Título: Em Brasília, discussões e pressão internacional
Autor: Maurício Moraes e Silva
Fonte: O Estado de São Paulo, 06/02/2006, Link, p. L10

Deputados e pesquisadores temem escolha 'atropelada'

A definição de como será o Sistema Brasileiro de TV Digital (SBTVD) vem se arrastando desde 1994. O processo só começou a avançar pra valer há dois anos, quando o governo federal chamou a comunidade científica para participar. Ao todo, 79 instituições de ensino e pesquisa de todo o País debruçaram-se sobre o tema, desenvolveram soluções e apresentaram relatórios. Falta pouco para o resultado conclusivo do trabalho ser divulgado para a sociedade, mas há o medo de que o ministro das Comunicações, Hélio Costa, "atropele" tudo.

Ele anunciou que tomará uma decisão nesta sexta-feira, mesma data da divulgação do relatório com as recomendações que deveriam ajudar na escolha. Por conta disso, as discussões esquentaram. Temendo uma atitude precipitada, os deputados federais resolveram participar do processo. Ao mesmo tempo, representantes dos padrões americano, europeu e japonês de TV Digital decidiram iniciar um "leilão de vantagens" para convencer o governo a adotar os seus sistemas.

Na outra ponta, pesquisadores têm receio de que uma decisão intempestiva possa jogar fora todo o trabalho já desenvolvido - e os R$ 65 milhões investidos no SBTVD. "A TV digital é um prato para se comer morno", diz o professor Marcelo Zuffo, da Universidade de São Paulo (USP), um dos 1.300 pesquisadores que estudam o sistema. "Uma decisão precipitada vai prejudicar setores importantes da sociedade brasileira."

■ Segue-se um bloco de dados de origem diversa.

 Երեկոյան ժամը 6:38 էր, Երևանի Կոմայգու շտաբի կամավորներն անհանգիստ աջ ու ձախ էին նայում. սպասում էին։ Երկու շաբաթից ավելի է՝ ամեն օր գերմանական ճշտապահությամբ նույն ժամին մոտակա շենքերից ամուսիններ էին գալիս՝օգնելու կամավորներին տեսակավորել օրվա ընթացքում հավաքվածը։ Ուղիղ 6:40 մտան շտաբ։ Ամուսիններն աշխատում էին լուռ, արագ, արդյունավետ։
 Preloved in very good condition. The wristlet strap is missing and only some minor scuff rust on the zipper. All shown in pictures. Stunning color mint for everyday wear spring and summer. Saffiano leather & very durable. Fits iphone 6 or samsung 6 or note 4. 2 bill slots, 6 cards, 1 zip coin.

Para se ter uma idéia do impacto da mudança do sistema analógico para o digital, basta ver os números sobre o mercado de televisão no Brasil. A quantidade de aparelhos em funcionamento deve chegar a 100 milhões este ano. Segundo a Pesquisa Nacional por Amostra de Domicílios do Instituto Brasileiro de Geografia e Estatística, 90% das residências do País tinham TV em 2004.

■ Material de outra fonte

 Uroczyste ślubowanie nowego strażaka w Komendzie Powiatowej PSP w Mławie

Qualquer erro custará milhões de reais e afetará as emissoras, a indústria de eletroeletrônicos e, principalmente, a população. Como o processo todo de mudança deve durar 15 anos, não há espaço para falhas. "O Brasil nunca esteve tão preparado para tomar uma decisão isenta", acredita Zuffo. "Nunca se colocou todo o acervo de pesquisa e engenharia do País a serviço de um grande projeto." O problema, segundo ele, é que o debate não tem sido neutro.

Nas últimas semanas, as discussões começaram a girar em torno de qual padrão deveria ser escolhido: o americano, o europeu e o japonês. Mas os pesquisadores já provaram que, aproveitando algumas das tecnologias de cada um deles, é possível criar um modelo brasileiro mais avançado. "De uma forma ou de outra, os lobbies internacionais querem fazer crer que temos de adotar um dos seus padrões na íntegra", observa o professor Gunnar Bedicks Jr, do Mackenzie, também pesquisador do SBTVD.

Segundo ele, o único ponto sobre o qual ainda não há consenso entre estudiosos e governo está na forma como o sinal digital será transmitido pelo ar, a modulação - que se refletiria em 1% do custo de uma TV de LCD, por exemplo. "Pela evolução tecnológica, mais cedo ou mais tarde todos os padrões vão se aproximar", diz Bedicks.

Na quarta-feira, os parlamentares vão promover um grande debate em Brasília, de olho no impacto de qualquer escolha. "Queremos só uma imagem mais bonita? Acho que não", explica o deputado federal Walter Pinheiro (PT-BA). "Essa decisão deve ser casada com a oportunidade de a nação brasileira discutir uma nova política industrial e de comunicação. Pode ser o momento ideal para resolvermos alguns dos problemas que temos no País."